I’ve used the phrase “in parenthesis”—never mind having read
it thousands of times—without becoming aware of the fact that the word already contains an in. In what follows my source is Online Etymology Dictionary. It
tells me that the three roots of the word are “beside” (para-), “in” (en), and
the Proto-Indo European “put in place” (thithenai).
Thus it originally signaled an action—the putting in of something, a letter or a syllable, beside, betwixt, between
something else textual. Thus that which we put between parentheses, is already
something “put in.”
Now this on the surface absolutely pointless exercise in
etymological investigation—after all the word now means a marker that begins or
ends an “aside,” a kind of secondary or whispered addition to text, a kind of “you
might be too stupid to know, but here is what it means, chum; but since I don’t
want to insult you, I’ll make it easier to skip—if you are bright enough to
know what those marks mean”—this pointless exercise arose from a medical day in
this household or, more precisely put, a medical twenty-four hours. One of us
had to spend that time in hospital; the other was the Accompanying Fellow
Sufferer (without actual pain). This experience, thankfully over now, reminded
me of a very troubling, very powerful book I’d read in my youth. It was David
Jones’ In Parenthesis. The book
appeared in 1934 and was a recollection of the horrors of World War I. Jones’

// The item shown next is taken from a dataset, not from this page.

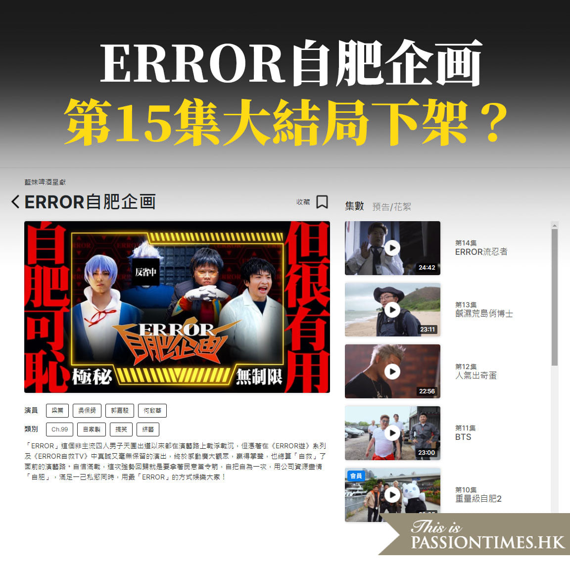 首頁生活資訊娛樂 《ERROR自肥企画》第15集大結局下架? 作者:熱血編輯部 (陳五) 05-22-2021 Like Facebook Twitter 更多 Like2 分享0 留言0 近日成為網絡熱話的ViuTV綜藝節目《ERROR自肥企画》,於昨晚播出第15集大結局,隨後放上官網重溫。然而,今日(5月22日)晚上8時許,有觀眾發現第15集於官網重溫中突然消失,原因未明。更新:第15集於晚上近11時重新上架。

title makes use of yet another meaning inhering
in parenthesis: that of separation,
that of holding apart. Some of our experiences are of such a nature that we do not wish to dwell on them. We’d just as
soon put them between parentheses. Jones separated his experiences using his
title—but told us all about them nonetheless, thus illustrating the altogether
ambiguous nature of this separation in some cases.
Thanks for the reference to Jones' book.